Using a dataset provided by Blue Cross Blue Shield of Tennessee with the identifiers removed, the class is doing analytics involving which clients will respond to wellness campaigns, in terms of once they’ve been notified – and they can be notified in a number of ways, through emails, direct mail, etc., or through phone calls – that they have a gap in care that they need to close. This means that they need to go to the doctor and have some test run or procedure performed and whether they actually follow through on that need.
Ballou put the classes into groups of four or three with the MBA student managing undergrads in a technical team. She stressed that as managers of a technical team, they need to understand what their technicians are doing. As a result, they are learning the techniques of data cleaning, explanatory modeling and predictive modeling, which is machine learning. The class is going through all the steps a data scientist would over the course of the semester.
“I think it has worked better than it could ever have worked with the regular completely online MBA because these MBAs know each other so well,” Ballou said. “Because they’ve taken every course together and because I know that every single one of them is some kind of healthcare expert, they can really provide the understanding of the healthcare field to the undergrads that they are lacking.”
Two aspects of the program that make it extremely appealing to working professionals are the flexible pathways to admission and the relatively low cost.
Tennessee Tech gives people credit for their full profile and body of work instead of relying on GMAT or GRE scores, which are no longer required. They look at work experience, undergraduate performance, graduate level performance, and for the industry-immersed program in particular, their statement of purpose and full resume.
“There might be someone who was out of school for 10 years, has a GPA of 3.0, and has a Pharmacy degree, they don’t need a GMAT,” explained Nicewicz. “There is a matrix in place for different levels of performance. For working professionals that is huge.
“It means that somebody who is in their 40s or 50s and doesn’t want to take a standardized exam but has work experience that shows they would be an asset to the program, doesn’t get tripped up on the idea of an admissions exam.”

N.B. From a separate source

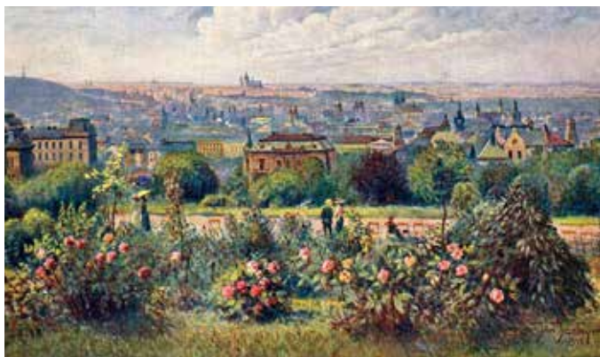
Výhled z Riegrových sadů, pohlednice, po r. 1919 (M. Frankl)

Riegrovy sady jsou parkem anglického typu. Nacházejí se na území Vinohrad. Sady byl zřízeny na nezastavěné části někdejší zahrady Kanálky, kterou vybudoval Josef Emanuel hrabě Canal de Malabaila na přelomu 18. a 19. století. Vykoupil pozemky za městskými hradbami, kde se od středověku nacházely vinice a usedlosti. Ve velkoryse vybudovaném areálu byly zahrady, sady, jezírka, vodotrysky, zvěřinec, budovy určené pro vědu i odpočinek a další objekty.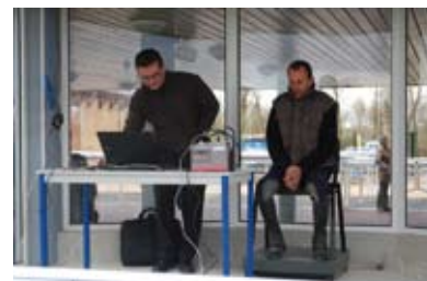
3. La balance essayée par un jockey

At $722/credit hour, the entire program is less than $22,000– an affordable number in relation to other graduate degrees.
“This isn’t a healthcare MBA, it’s a traditional MBA,” Nicewicz concluded. “Broader is better. People aren’t staying in the same jobs for 30 years like they used to. If someone works in healthcare administration and then five years later, they don’t work in healthcare, they have a degree that doesn’t say healthcare, and it’s still applicable across the board in every industry.”
“It’s a very intensive rigorous program that is condensed into 18 months,” Payne added. “When students graduate from Tech with an MBA, and through this healthcare program, they are very well equipped to move into management positions and to take their healthcare training and move it up to the next level. That’s a big deal.”